Two days after the incident Big River updated safety procedures and established clearly designated areas to separate pedestrians and vehicles including the installation of a collapsible safety barrier.
The court heard following the 2020 incident, the victim spent 32 days in hospital, some of which was in an induced coma and when he awoke he was told he might lose his leg.
Following reconstruction surgery, numerous skin grafts and three years of medical appointments across the state, the victim remains in constant pain.
The victim said he is no longer able to enjoy activities he used to do with his family such as fishing, gardening and playing with his grandchildren.

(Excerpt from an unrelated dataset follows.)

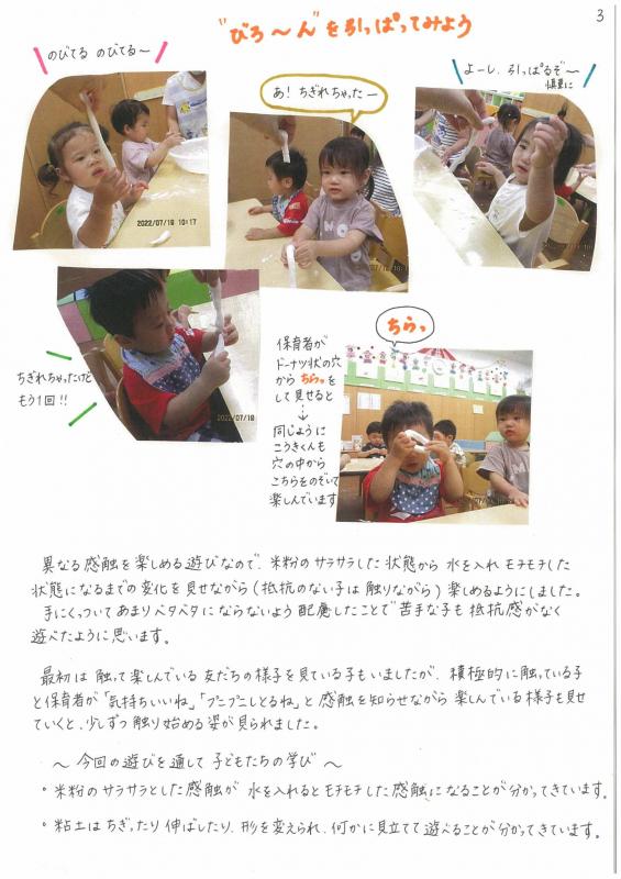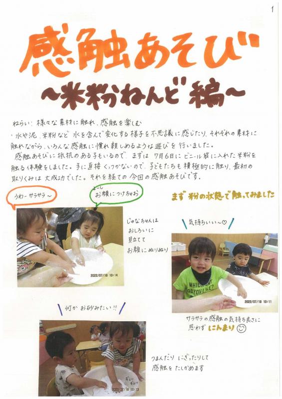 【さんさんまりんこども園】1歳児クラス活動☆感触あそび~米粉ねんど編~
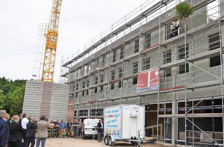 Auf dem Areal an der Erlanger Straße wurde Richtfest gefeiert. Schon 2007 hab es die ersten Gespräche, sagte Projektentwickler Schimek.

In considering what sentence to impose, Judge Strathdee said it was important to impose a penalty that would direct others in the industry to the "consequences of inattention and the need for greater concentration on the potential risk of death or serious injury" during the movement of timber and building supplies.
The judge found while "there were some good policies in place [at Big River]... more needed to be done."
She noted after the incident, the accused responded with improved safety measures.
"This incident has acted as a wake-up call to the defendant and I believe the systems and mindfulness as to safety within the works performed by [a person conducting a business or undertaking] are now appropriately heightened."
The court heard Big River has no prior convictions under work health and safety law and noting the "high risk" nature of the industry, Judge Strathdee said this was a "significant mitigating factor."
Judge Strathdee noted since the incident Big River has "accepted responsibility for the offence and has acknowledged the injury, loss and damage caused."
Big River Group was convicted and ultimately fined $450,000 - discounted from $600,000 to reflect the guilty plea - with half of that amount to be paid to the prosecutor, and prosecutor's costs of $54,000.